(Stored records)

........

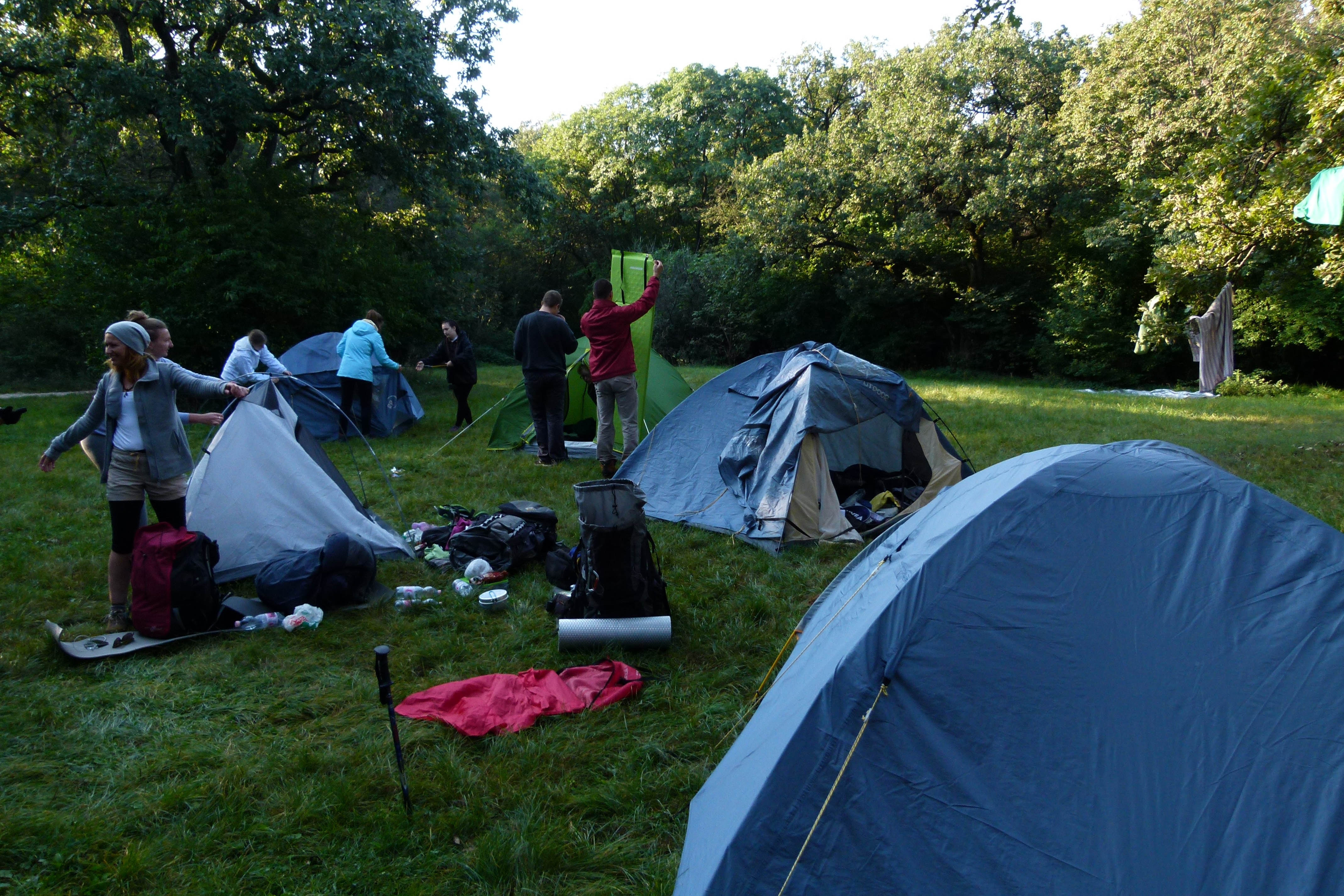 Bár Tatabánya nem szép város, az elhelyezkedésére pont az ellenkezője igaz. A hófehér mészkőből álló Kő-hegy és a rajta álló óriási Turul-szobor már messziről vonzza az ember szemét. És ha valaki feljut a szoborhoz, csodálatos panorámát láthat, a várost körbeölelő táj szemet gyönyörködtető. Mindig is szerettem volna itt aludni és elkészíteni a város éjszakai fényképét! A szálláshelyül választott mező nagyon kulturált volt, padokkal, tűzrakókkal. A tizenhárom sátorból álló táborunk látványa reggel tiszteletet parancsoló tömeghatást keltett.
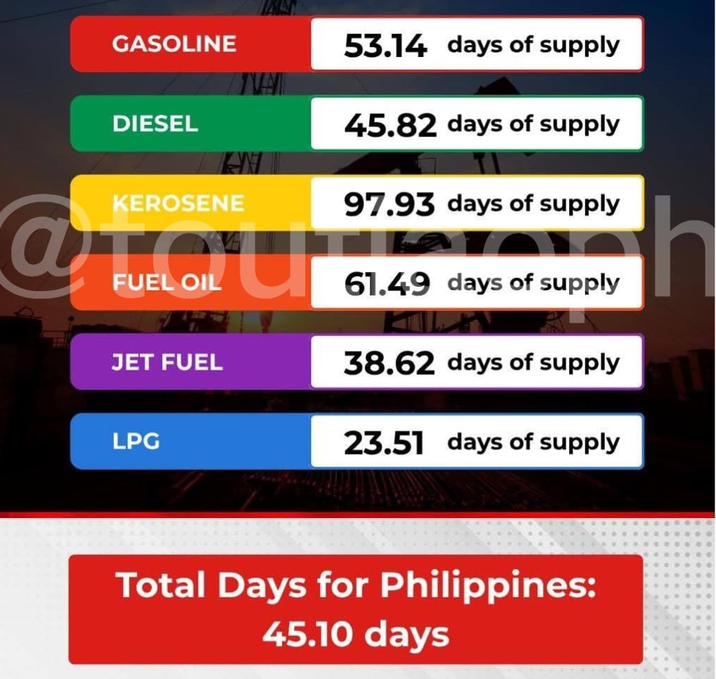 泰国华人网讯 菲律宾能源部(DOE)最新数据显示,目前全国石油供应仍处于“充足水平”,整体库存预计可维持约45天,短期内供应稳定。 根据官方公布的数据,各类燃料库存情况分别为:汽油53.14天、柴油45.82天、煤油97.93天、燃料油61.49天、航空燃油38.62天、液化石油气(LPG)23.51天。综合计算,全国平均石油供应天数约为45.10天。
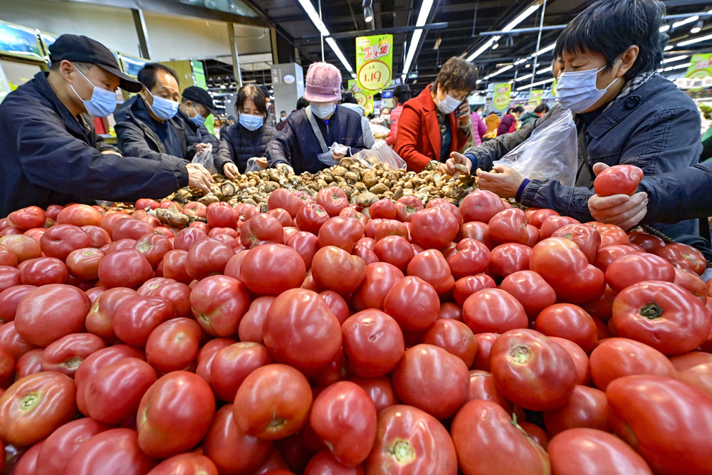 Customers shop in the produce section of a supermarket in Qingzhou, Shandong province, on Wednesday. China's consumer price index, a main gauge of inflation, rose 1.5 percent year-on-year in October. WANG JILIN/FOR CHINA DAILY
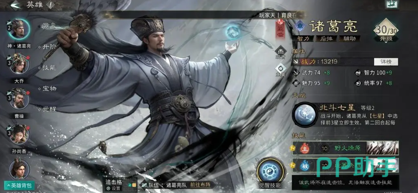 第三位是诸葛亮。他在本阵容中担任控场深化与反制补足角色。主动技【机谋巧变】除常规控制外,额外附带约32%基础攻击力的固定伤害,并基于智力属性提供20%概率施加前置控制效果;追击技【反制】则可在反击时以50%概率附加混乱,使敌方单位在混乱状态下失去攻击目标判定,甚至攻击己方队友。其被动技【兵不厌诈】在受到伤害后可立即激活,提供高达40%的伤害增幅,且该增益随控制命中次数叠加,形成“控得越准、打得越狠”的正向循环。三者协同下,敌方单位常在2–3回合内陷入多重负面状态叠加,彻底丧失操作空间。
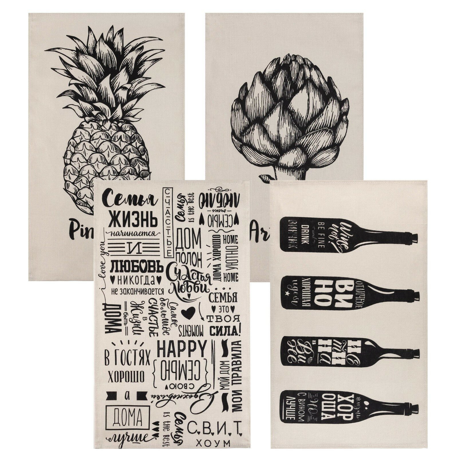 СохранитьПолотенце кухонное 4 штуки, 35х60, Доляна "Семейное счастье" 100% хлопок интересное:
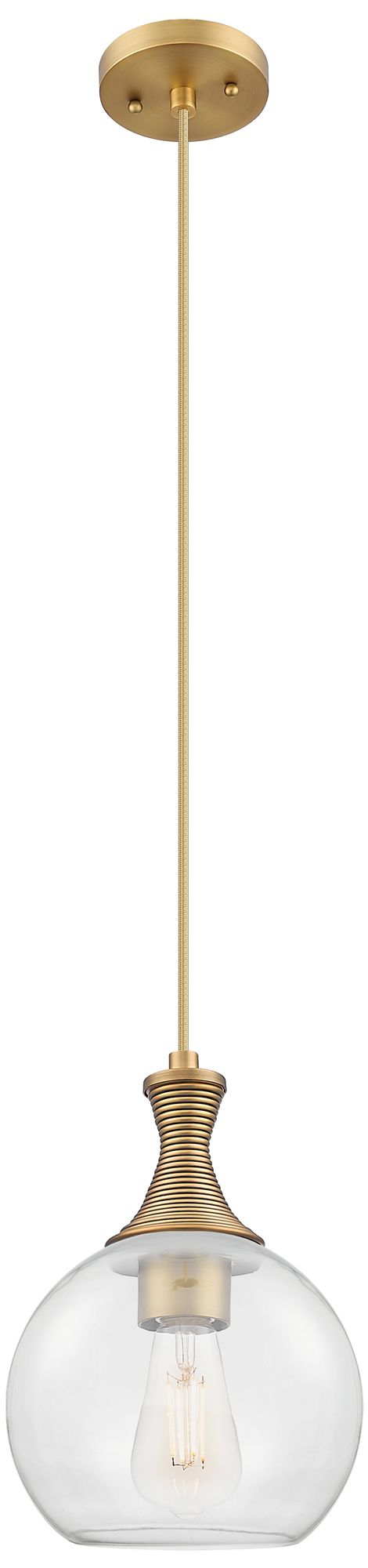 Downtown Astor 8"W Metal Cord Brass Mini Pendant w/ Clear Shade
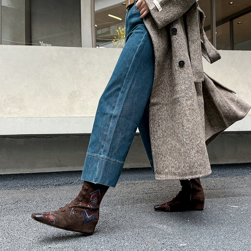 Step into standout style with these women’s designer short boots, crafted from premium reverse suede and finished with bold geometric embroidery. The square toe and slimming silhouette create an elegant, fashion-forward look, while the decorative button design adds unique retro charm. Featuring a convenient side zipper and a hidden wedge for subtle height, these boots are as practical as they are stylish. Choose between short plush lining for winter warmth or smooth leather lining for breathable, year-round comfort. A chic blend of comfort, craftsmanship, and artistic design.
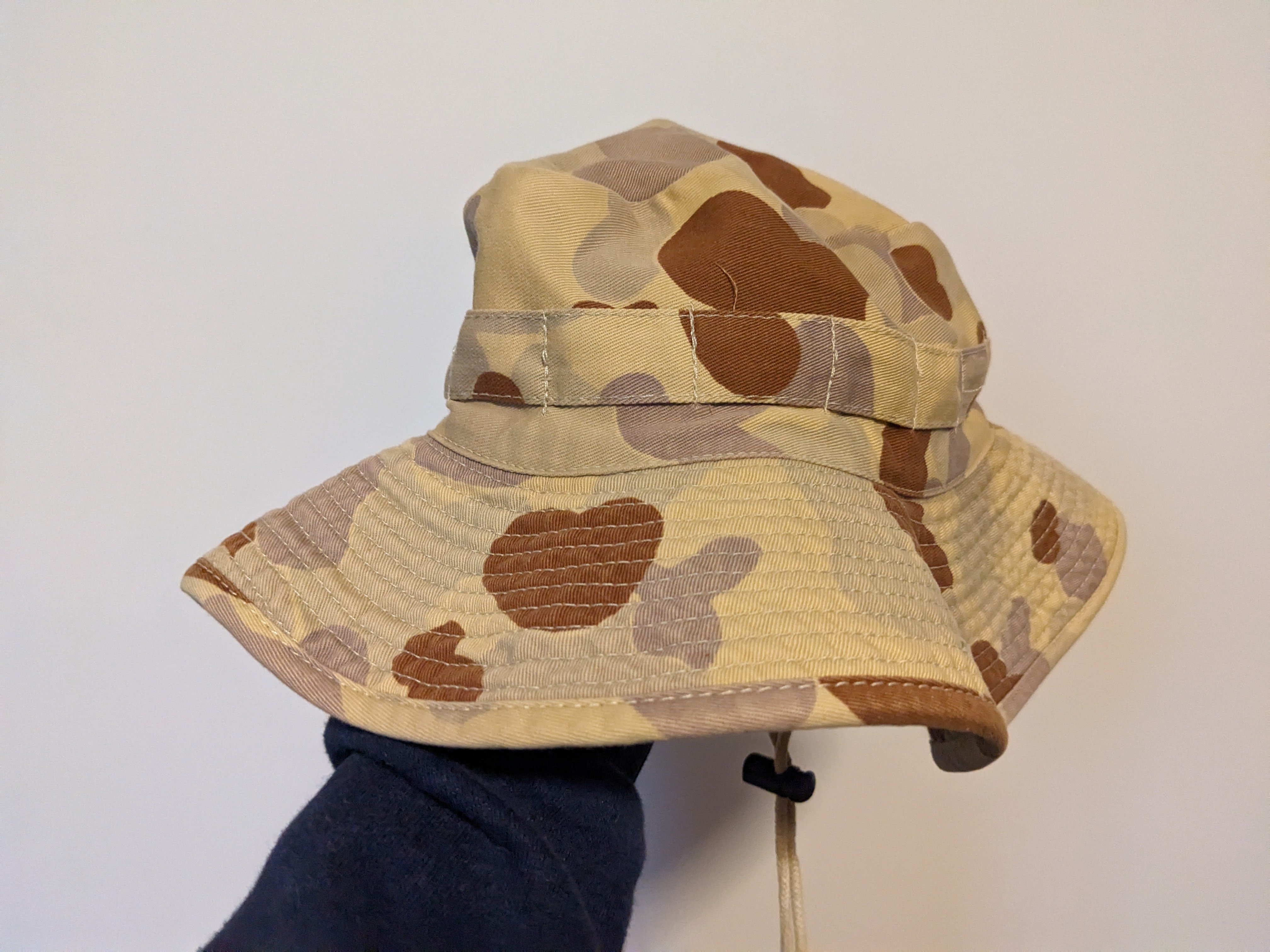 Australian military issue Boonie hat in desert camo pattern.

........

▶ [What the exercise asks]: Your task is to return every entry exactly as it was written, with the pictures removed.

▶ [Answer box]:
 Bár Tatabánya nem szép város, az elhelyezkedésére pont az ellenkezője igaz. A hófehér mészkőből álló Kő-hegy és a rajta álló óriási Turul-szobor már messziről vonzza az ember szemét. És ha valaki feljut a szoborhoz, csodálatos panorámát láthat, a várost körbeölelő táj szemet gyönyörködtető. Mindig is szerettem volna itt aludni és elkészíteni a város éjszakai fényképét! A szálláshelyül választott mező nagyon kulturált volt, padokkal, tűzrakókkal. A tizenhárom sátorból álló táborunk látványa reggel tiszteletet parancsoló tömeghatást keltett.
 泰国华人网讯 菲律宾能源部(DOE)最新数据显示,目前全国石油供应仍处于“充足水平”,整体库存预计可维持约45天,短期内供应稳定。 根据官方公布的数据,各类燃料库存情况分别为:汽油53.14天、柴油45.82天、煤油97.93天、燃料油61.49天、航空燃油38.62天、液化石油气(LPG)23.51天。综合计算,全国平均石油供应天数约为45.10天。
 Customers shop in the produce section of a supermarket in Qingzhou, Shandong province, on Wednesday. China's consumer price index, a main gauge of inflation, rose 1.5 percent year-on-year in October. WANG JILIN/FOR CHINA DAILY
 第三位是诸葛亮。他在本阵容中担任控场深化与反制补足角色。主动技【机谋巧变】除常规控制外,额外附带约32%基础攻击力的固定伤害,并基于智力属性提供20%概率施加前置控制效果;追击技【反制】则可在反击时以50%概率附加混乱,使敌方单位在混乱状态下失去攻击目标判定,甚至攻击己方队友。其被动技【兵不厌诈】在受到伤害后可立即激活,提供高达40%的伤害增幅,且该增益随控制命中次数叠加,形成“控得越准、打得越狠”的正向循环。三者协同下,敌方单位常在2–3回合内陷入多重负面状态叠加,彻底丧失操作空间。
 СохранитьПолотенце кухонное 4 штуки, 35х60, Доляна "Семейное счастье" 100% хлопок интересное:
 Downtown Astor 8"W Metal Cord Brass Mini Pendant w/ Clear Shade
 Step into standout style with these women’s designer short boots, crafted from premium reverse suede and finished with bold geometric embroidery. The square toe and slimming silhouette create an elegant, fashion-forward look, while the decorative button design adds unique retro charm. Featuring a convenient side zipper and a hidden wedge for subtle height, these boots are as practical as they are stylish. Choose between short plush lining for winter warmth or smooth leather lining for breathable, year-round comfort. A chic blend of comfort, craftsmanship, and artistic design.
 Australian military issue Boonie hat in desert camo pattern.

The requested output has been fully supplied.